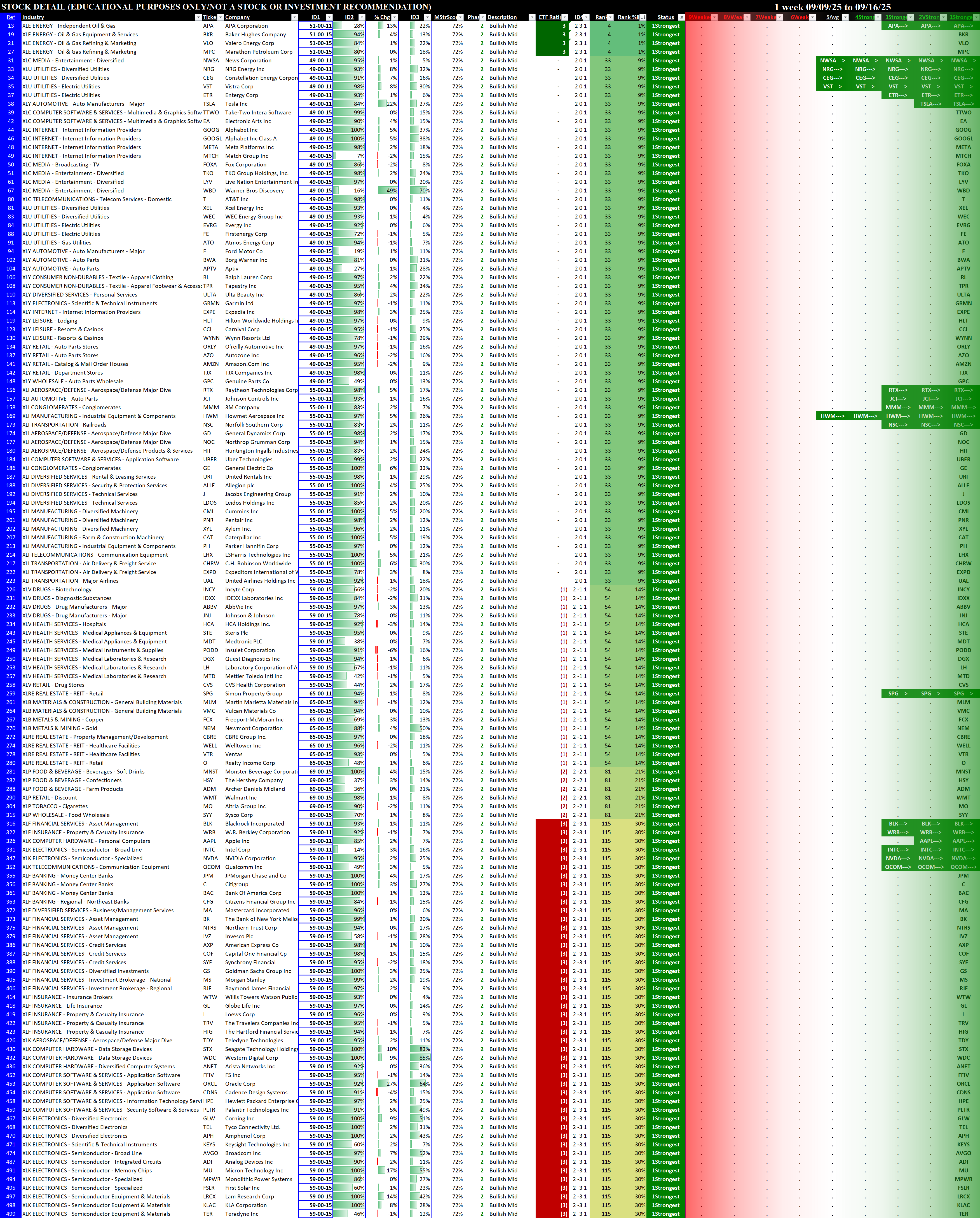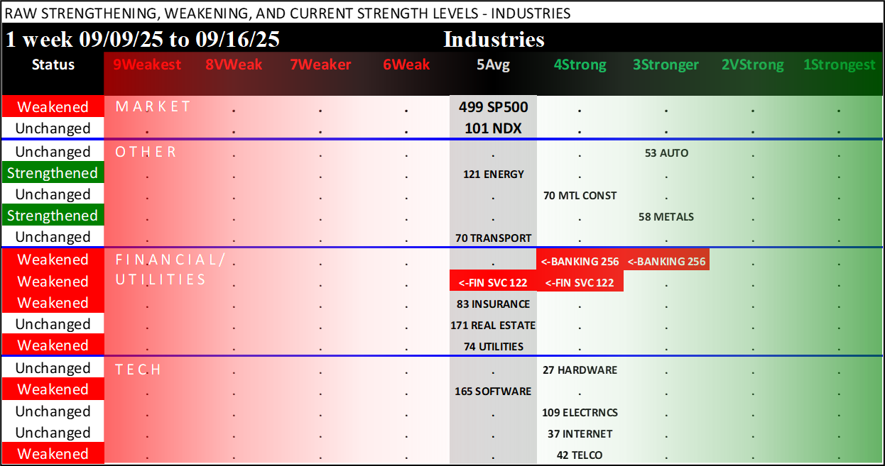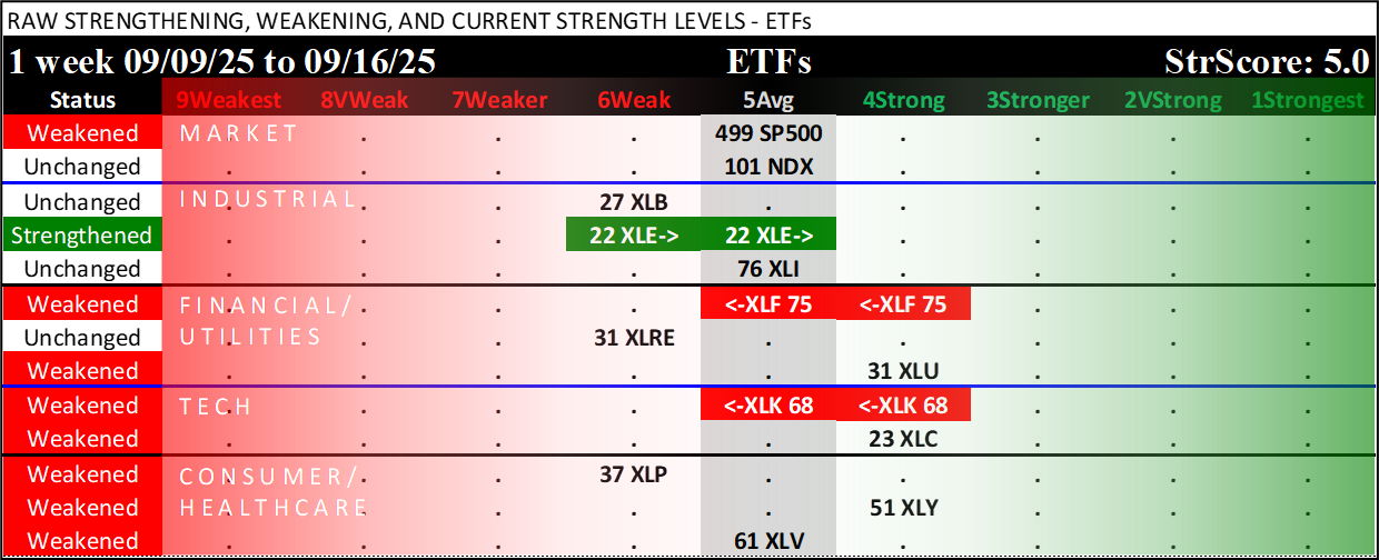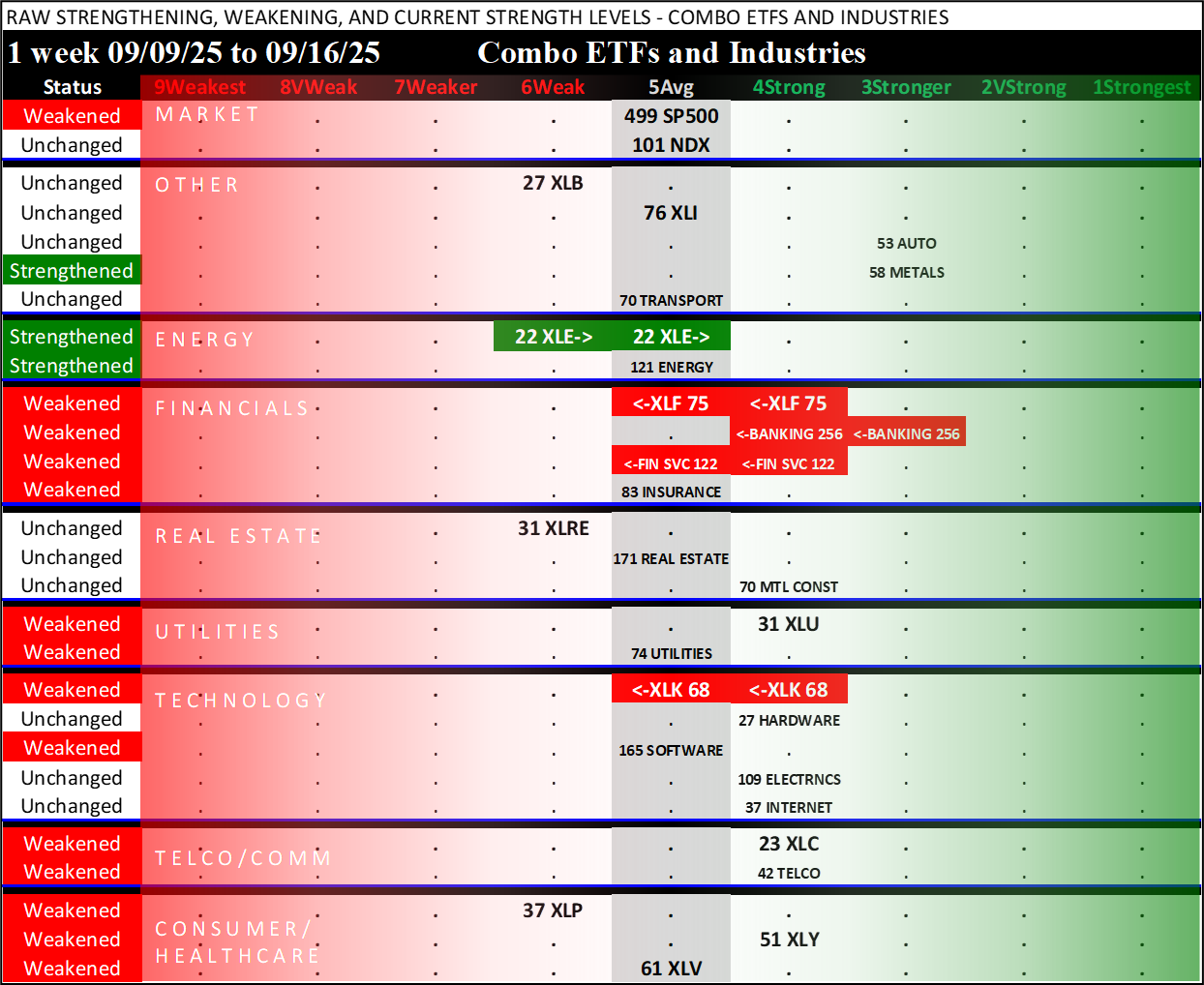 Referred to as Spectrum format (these are presented as the spectrum of possibilities from 9Weakest to 1Strongest), here are the raw strength readings for each sector with their change for the just-completed week:
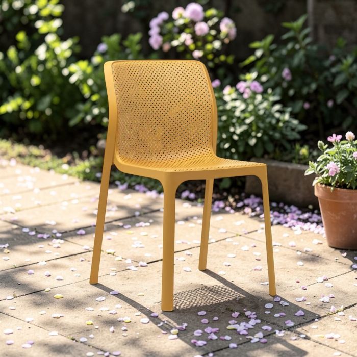 Sedia monoblocco senza braccioli da esterno BIT di Nardi®, realizzata in polipropilene fiberglass trattato anti‑UV color senape e colorata in massa con finitura opaca; il design raffinato e la cura del dettaglio si esprimono nel motivo traforato, che rende BIT versatile e adatta a diversi contesti sia esterni sia interni; dimensioni 52×55 h. 84 cm con altezza seduta 47 cm, peso 3,5 kg, impilabile, dotata di piedini antiscivolo, testata a norma e fornita montata.
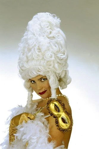 PERRUQUE BLANCHE roccoco Perruque baroque très stylée, tout en volume. Perruque de grande qualité, idéale pour compléter un déguisement de carnaval ou un costume d’époque (marquise, cantatrice, précieuse , carnaval de Venise..). Perruque parfaitement adaptée à des soirées costumées et déguisées à thèmes ou pour un spectacle.
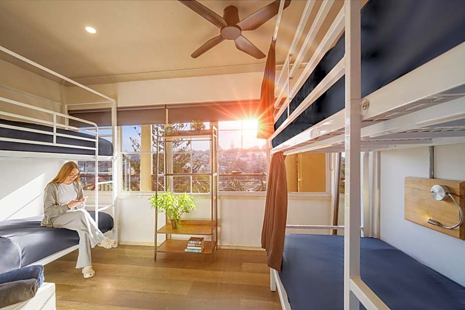 This renovated dormitory is located on the second floor with views over Coogee Beach. It features secure key access, included bed linen and a comfortable pillow. It offers access to shared bathroom facilities. Each bunk features a personal reading light and power point for charging.
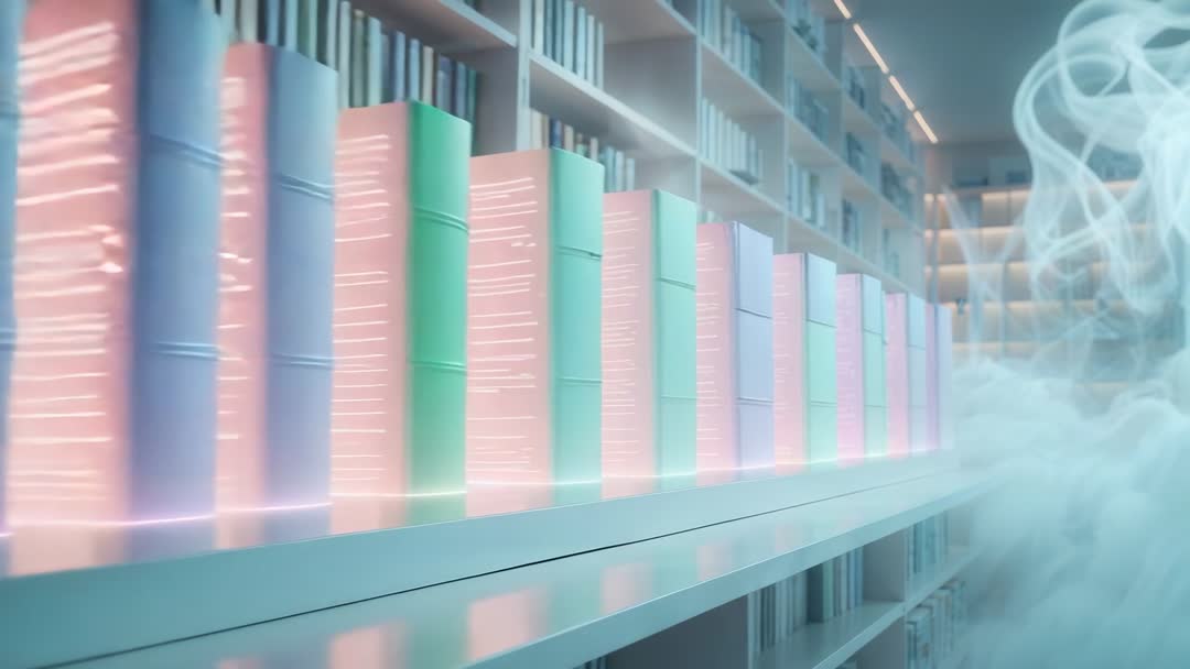 - Futuristic Library of Glowing Pastel Books in Ethereal Atmosphere
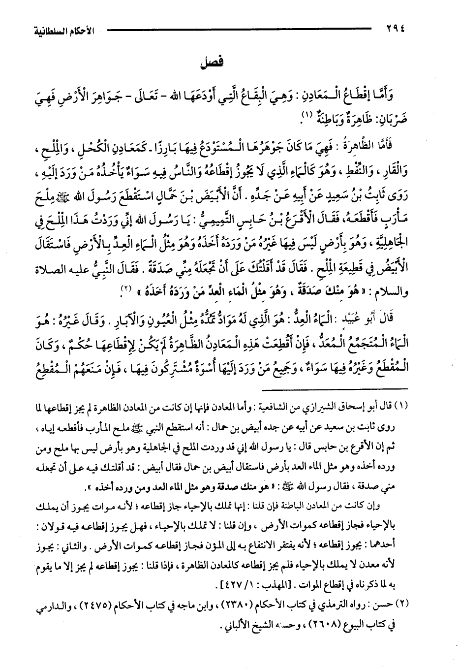 1 قال أبو إسحاق الشيرازي -من الشافعية: وأمَّا المعادن فإنَّها إن كانت من المعادن الظاهرة لم يجز إقطاعها؛ لما روى ثابت بن سعيد بن أبيه عن جده أبيض بن حمَّال أنه استقطع النبي -صلى الله عليه وسلم- ملح المأرب فأقطعه إياه، ثم إنَّ الأقرع بن حابس قال: يا رسول الله، إني قد وردت الملح في الجاهلية وهو بأرض ليس بها ملح ومن وَردَه أخذه، وهو مثل الماء العد بأرض، فاستقال أبيض بن حمَّال فقال أبيض: قد أقلتك فيه على أن تجعله مني صدقة، فقال رسول الله -صلى الله عليه وسلم: "هو منك صدقة وهو مثل الماء العد ومن ورده أخذه".
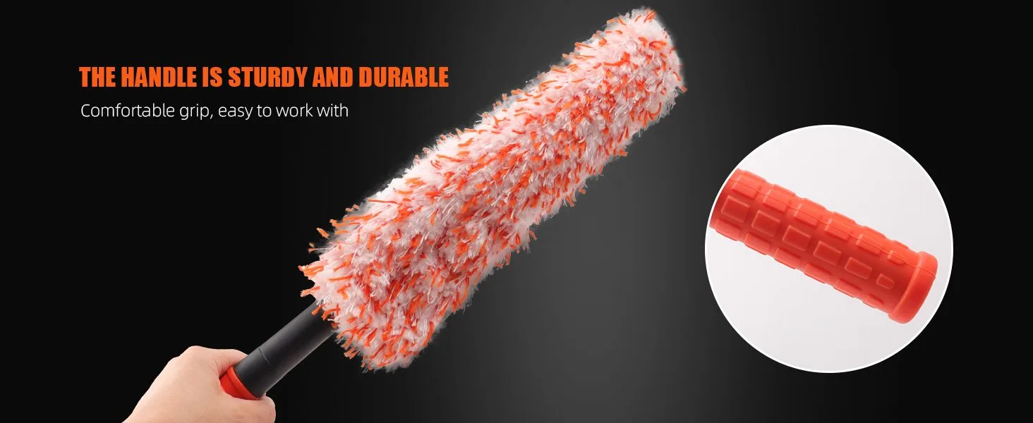 Sturdy and Gentle: The blade of this multifunctional tire rim brush is sturdy for excellent cleaning results, while the high-quality and soft microfiber brush cover prevents scratches, so you can clean with peace of mind.
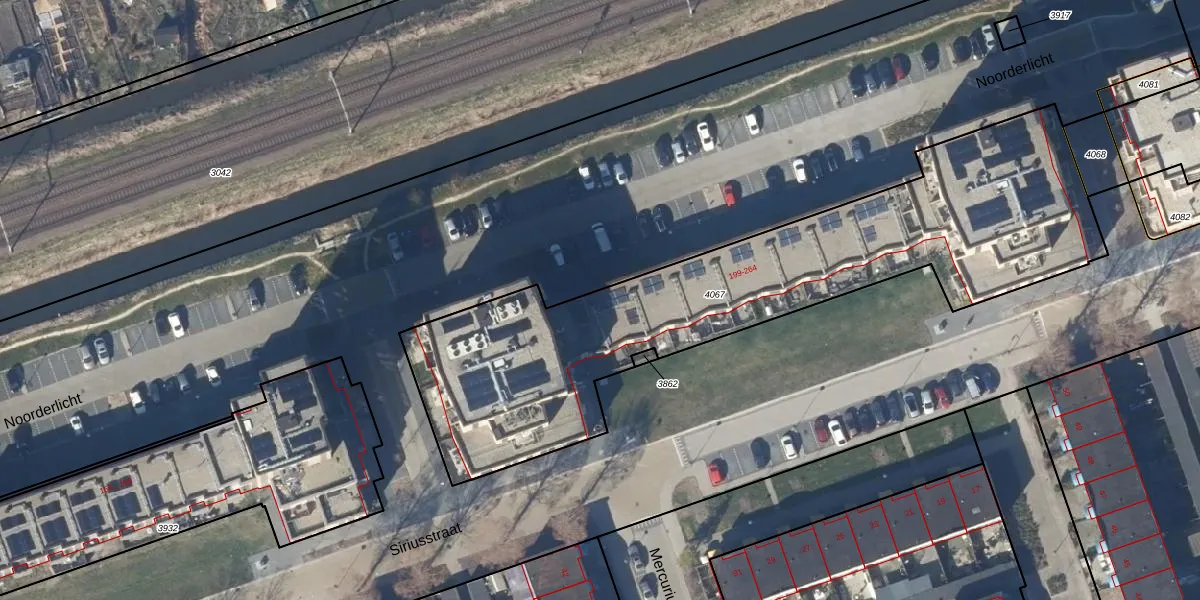 Het perceel waarop Noorderlicht 224 staat heeft een oppervlakte van 2324 m². Dit is een zeer groot perceel. De perceeloppervlakte wordt geregistreerd door het Kadaster. Gedetailleerde informatie over de maten van dit perceel kunt u vinden in het rapport Kadastrale kaart met maatvoering van Noorderlicht 224.
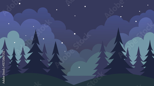 © Vokto, Naklejka premium christmas night landscape
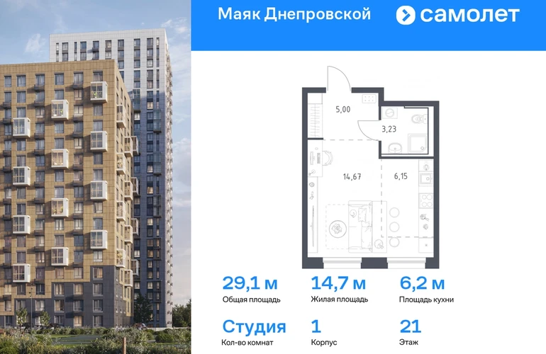 Строим кварталы для жизни с заботой о будущем. Предлагается квартира студия комфорт-класса 29,03 кв.м в корпусе 1 на 21 этаже, в ЖК «Маяк Днепровской» Квартира с предчистовой отделкой. Доступность дополнительных опций уточняйте у застройщика. Приобрести квартиру возможно по специальным акциям от застройщика, с текущими условиями акций можно ознакомиться в блоке «Акций». Цена динамическая и может отличаться, уточняйте актуальность у застройщика. «Маяк Днепровской» — это маленький город с домами высотой от 17 до 30 этажей. Мы строим современные здания со стилобатами и террасами, которые отвечают архитектурным трендам, но при этом гармонично вписываются в окружающие пейзажи. Переменная этажность домов повторяет уникальный дальневосточный ландшафт, а оттенки фасадов перекликаются с красками природы. Здесь вы будете любоваться живописными закатами и встречать рассветы с панорамного балкона. #yan19-2r1761231#О застройщике
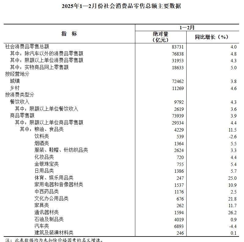 格隆汇3月17日|中国1-2月社会消费品零售总额83731亿元,同比4%,预期4%,前值3.7%。按消费类型分,1-2月份,商品零售额73939亿元,同比增长3.9%;餐饮收入9792亿元,增长4.3%。 (责任编辑:宋政 HN002)
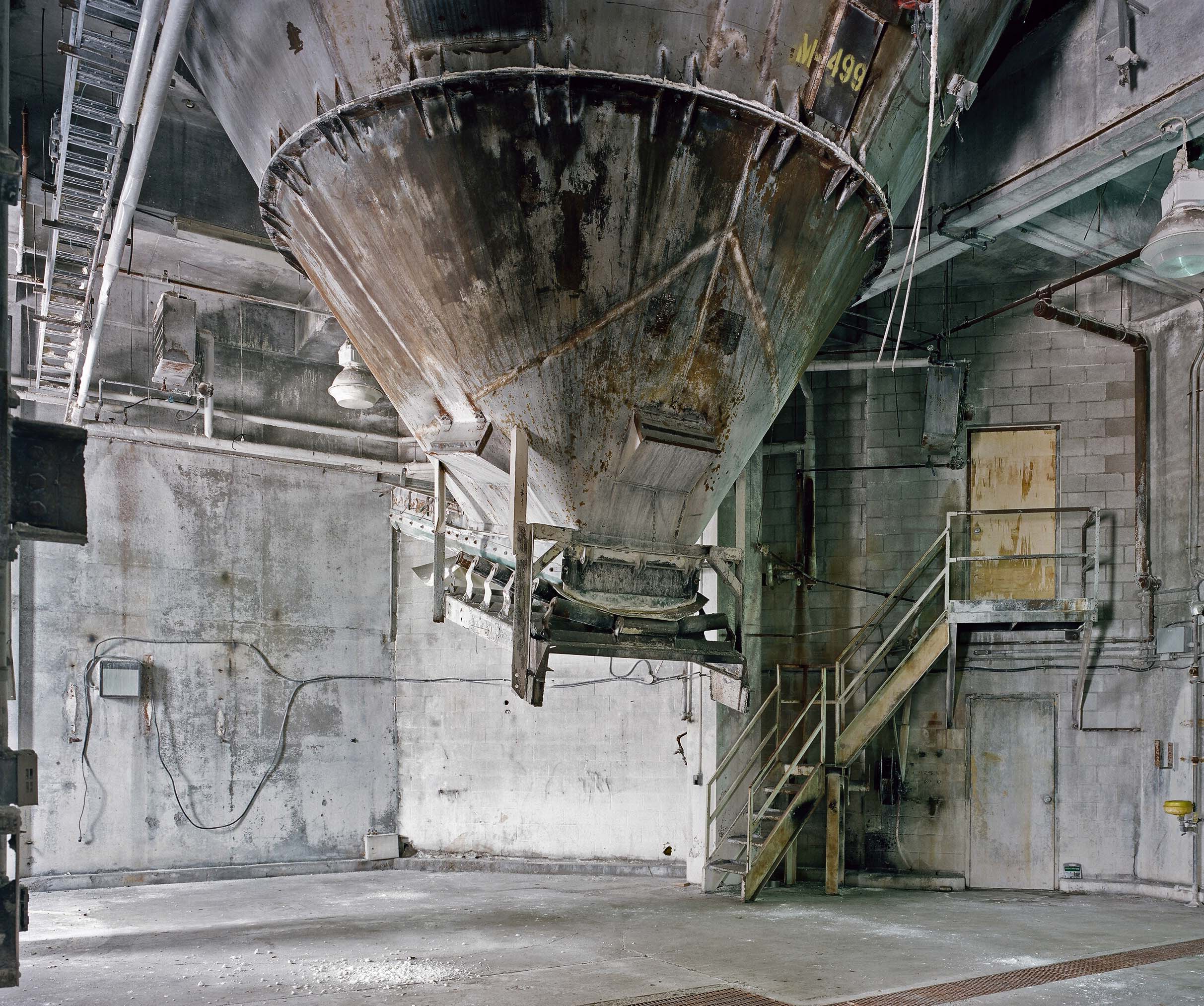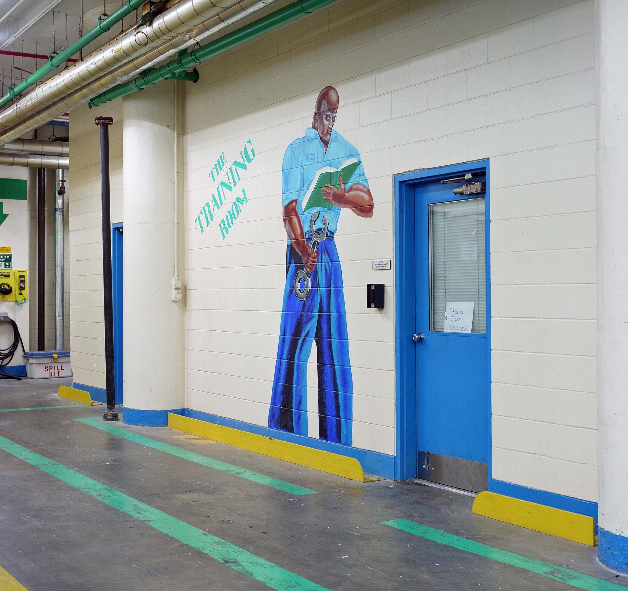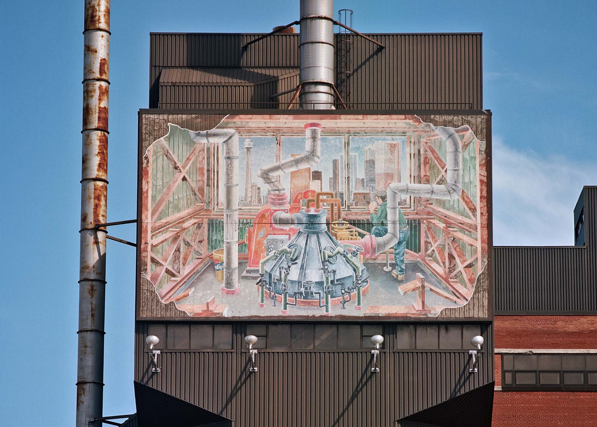 For his mural, Woolf chose to offer the public a view into the interior of an imaginary mechanical room at the very top of the tower. To reinforce the impression of a cutaway view, Woolf used several ingenious framing devices. At first glance, the composition presents itself as an irregular cartouche attached directly to the vertical metal cladding of the spray tower. Closer inspection reveals that the areas of wall at the four corners are actually painted in trompe-l’oeil on the flat panel.
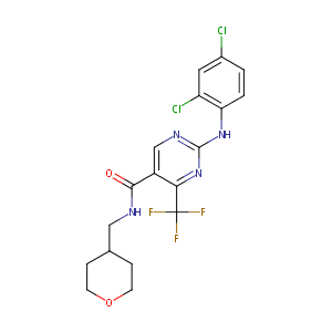 C1COCCC1CNC(=O)C2=CN=C(N=C2C(F)(F)F)NC3=C(C=C(C=C3)Cl)C<br />l
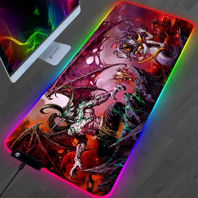 RGB игровой коврик для мыши World of Warcraft с аниме, игровой ноут...

### What you have to do
Once you have returned the line containing "- Futuristic Library", stop; begin at the first line of the material, keep each line exact, and skip the pictures.

### Solution for this task
 Referred to as Spectrum format (these are presented as the spectrum of possibilities from 9Weakest to 1Strongest), here are the raw strength readings for each sector with their change for the just-completed week:
 Sedia monoblocco senza braccioli da esterno BIT di Nardi®, realizzata in polipropilene fiberglass trattato anti‑UV color senape e colorata in massa con finitura opaca; il design raffinato e la cura del dettaglio si esprimono nel motivo traforato, che rende BIT versatile e adatta a diversi contesti sia esterni sia interni; dimensioni 52×55 h. 84 cm con altezza seduta 47 cm, peso 3,5 kg, impilabile, dotata di piedini antiscivolo, testata a norma e fornita montata.
 PERRUQUE BLANCHE roccoco Perruque baroque très stylée, tout en volume. Perruque de grande qualité, idéale pour compléter un déguisement de carnaval ou un costume d’époque (marquise, cantatrice, précieuse , carnaval de Venise..). Perruque parfaitement adaptée à des soirées costumées et déguisées à thèmes ou pour un spectacle.
 This renovated dormitory is located on the second floor with views over Coogee Beach. It features secure key access, included bed linen and a comfortable pillow. It offers access to shared bathroom facilities. Each bunk features a personal reading light and power point for charging.
 - Futuristic Library of Glowing Pastel Books in Ethereal Atmosphere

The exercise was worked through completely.